§ Extracted material
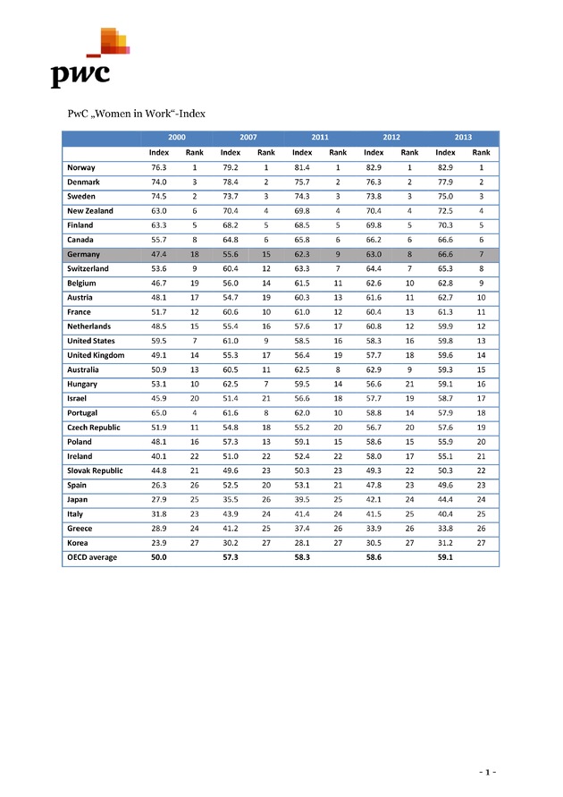Deutschland verbessert sich im PwC-"Women in Work"-Index auf Rang 7 /
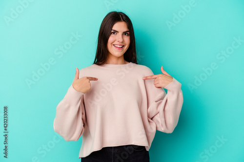 Young caucasian woman isolated on blue background surprised pointing with finger, smiling broadly.
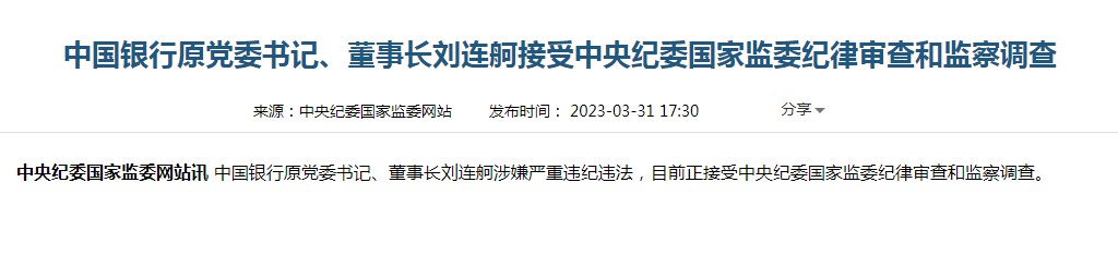 3 月 31 日,中央紀委國家監委網站發佈公告,中國銀行原黨委書記、董事長劉連舸涉嫌嚴重違紀違法,目前正接受中央紀委國家監委紀律審查和監察調查。
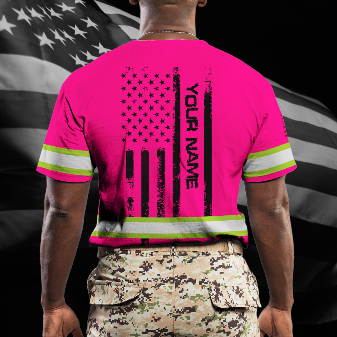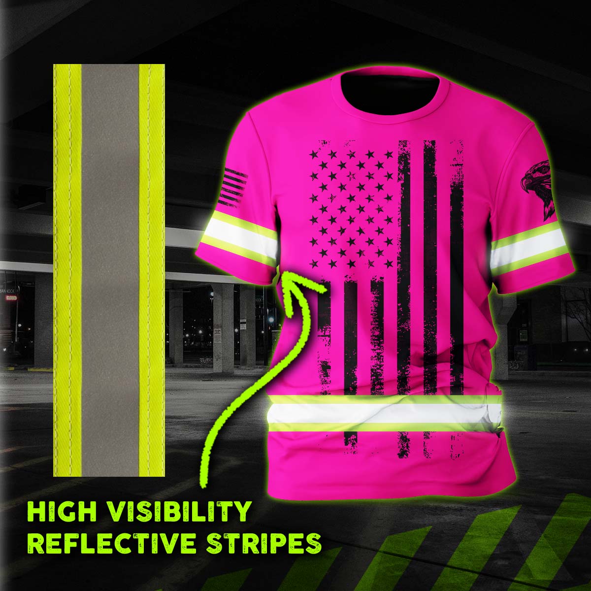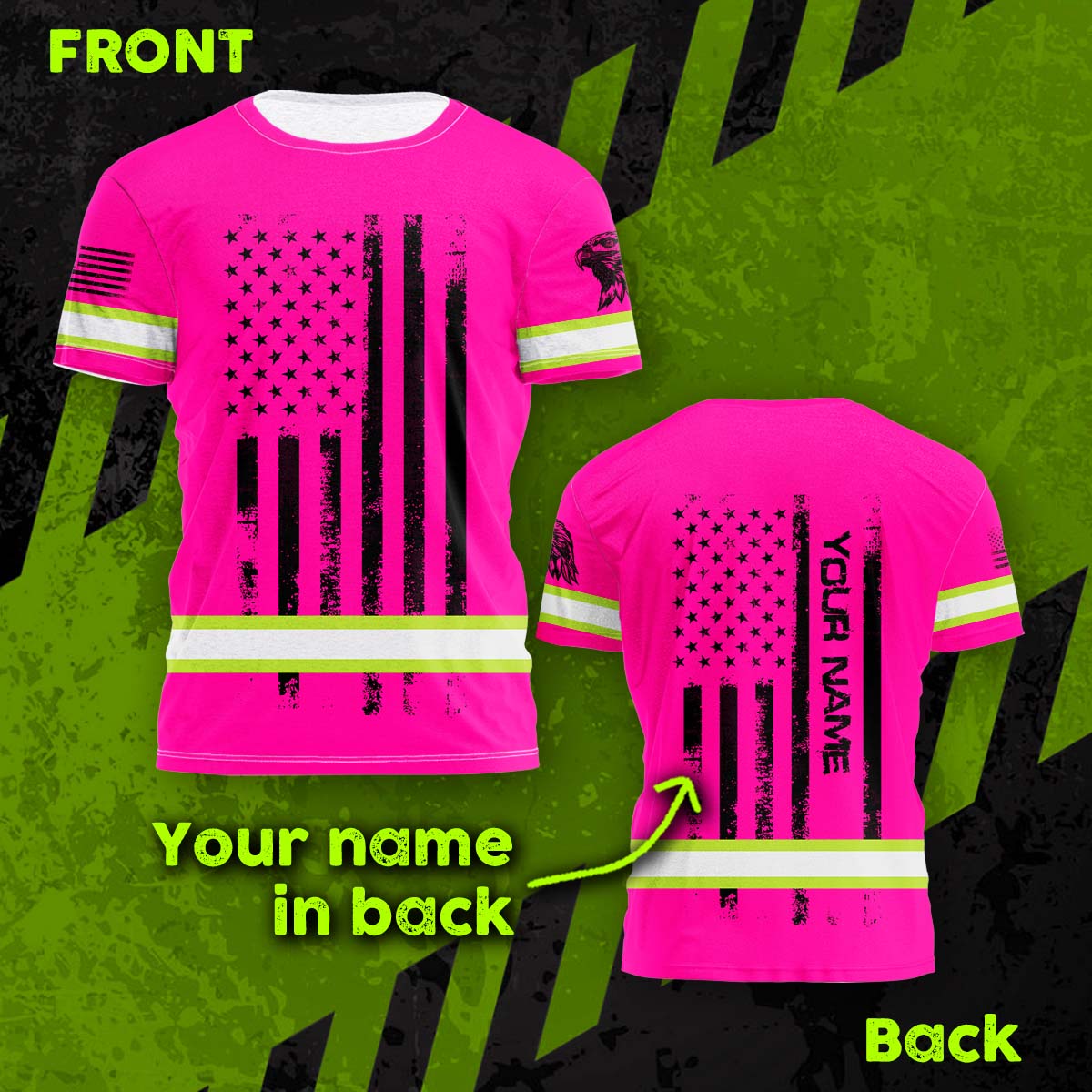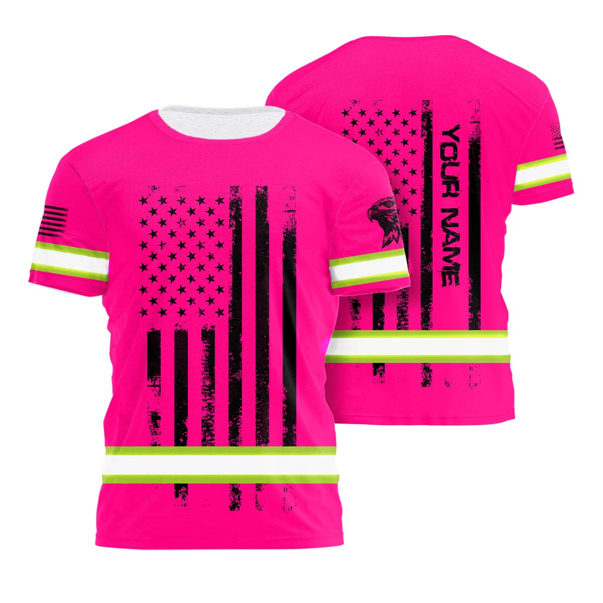 Hi Vis Shirt Reflective Tapes Pink Neon US Eagle Flag Custom Name Safety Workwear For Workers, Operator, Cyclists, Patriotic
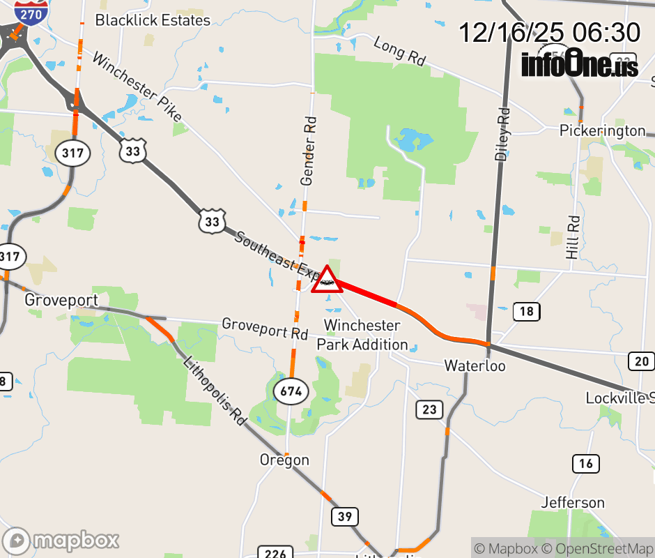 The left lane is blocked on US-33 West at SR-674/Gender Rd, due to a crash. ![]() |
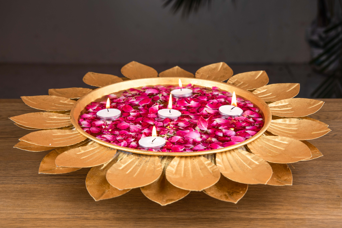 Handmade Lotus Shaped Urli; Candle and Floral Decoration Showpiece
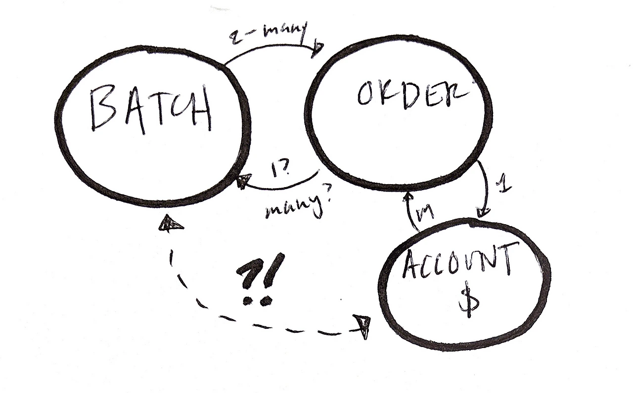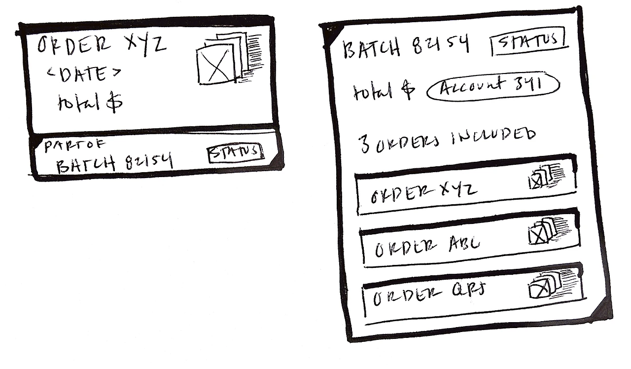 따라서 일괄 처리의 일부분이든 아니든 간에 B2B 도구에서 주문은 일반적으로 동일하게 보입니다. 각 인스턴스는 추가된 정보를 표시하여 일괄 처리 X의 일부임을 분명히 합니다. 반대로 ORDER, ACCOUNT 및 BATCH는 모두 사용자의 멘탈 모델에서 매우 다른 개체이므로 서로 분명히 구별됩니다.

§ Task to carry out
Without the pictures, reproduce each line from the one containing "Hi Vis Shirt" through the last line of the material above, both of those lines included.

§ Expected answer
 Hi Vis Shirt Reflective Tapes Pink Neon US Eagle Flag Custom Name Safety Workwear For Workers, Operator, Cyclists, Patriotic
 The left lane is blocked on US-33 West at SR-674/Gender Rd, due to a crash. ![]() |
 Handmade Lotus Shaped Urli; Candle and Floral Decoration Showpiece
 따라서 일괄 처리의 일부분이든 아니든 간에 B2B 도구에서 주문은 일반적으로 동일하게 보입니다. 각 인스턴스는 추가된 정보를 표시하여 일괄 처리 X의 일부임을 분명히 합니다. 반대로 ORDER, ACCOUNT 및 BATCH는 모두 사용자의 멘탈 모델에서 매우 다른 개체이므로 서로 분명히 구별됩니다.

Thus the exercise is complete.